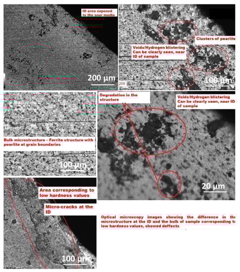 Different points in the defected surfaces were examined by optical microscopy to understand the difference in microstructure at the ID and bulk of the sample. Optical microscopy images, Figure 3, clearly indicate differences in microstructure in the area exposed to service (sample ID) and at the bulk of the samples. The cluster of hydrogen blisters can be seen near the ID of corroded samples. The area near the ID/corroded surface also corresponds to low hardness. The presence of micro-cracks near the ID of the sample is also clearly visible. These findings indicate significant degradation in the material due to long-term exposure to sour service.
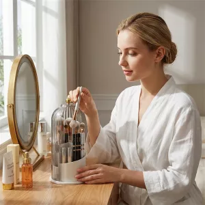 Una tapa transparente protege tus herramientas de belleza del polvo y las salpicaduras. Las brochas se mantienen frescas y limpias para obtener resultados impecables cada día.
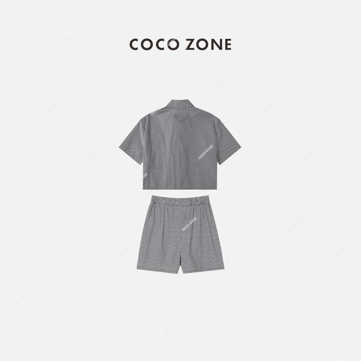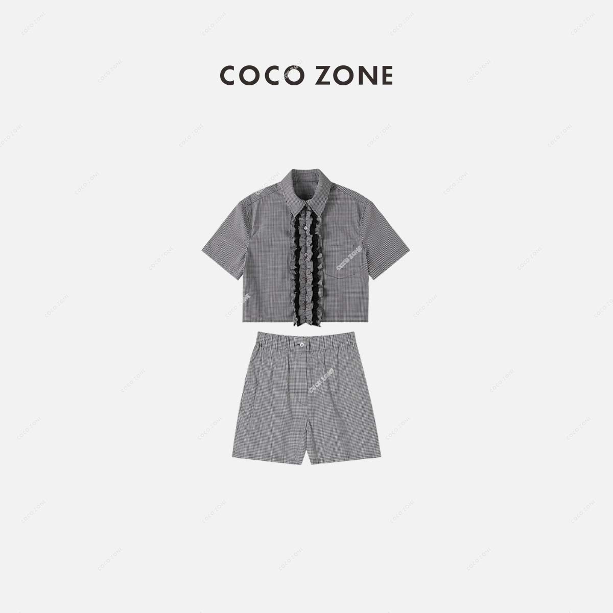 COCO ZONE 气质通勤褶皱花边装饰短款衬衫上衣+短裤 23C18667
· · · ·
Leaving out all pictures, transcribe the listing exactly.

 Different points in the defected surfaces were examined by optical microscopy to understand the difference in microstructure at the ID and bulk of the sample. Optical microscopy images, Figure 3, clearly indicate differences in microstructure in the area exposed to service (sample ID) and at the bulk of the samples. The cluster of hydrogen blisters can be seen near the ID of corroded samples. The area near the ID/corroded surface also corresponds to low hardness. The presence of micro-cracks near the ID of the sample is also clearly visible. These findings indicate significant degradation in the material due to long-term exposure to sour service.
 Una tapa transparente protege tus herramientas de belleza del polvo y las salpicaduras. Las brochas se mantienen frescas y limpias para obtener resultados impecables cada día.
 COCO ZONE 气质通勤褶皱花边装饰短款衬衫上衣+短裤 23C18667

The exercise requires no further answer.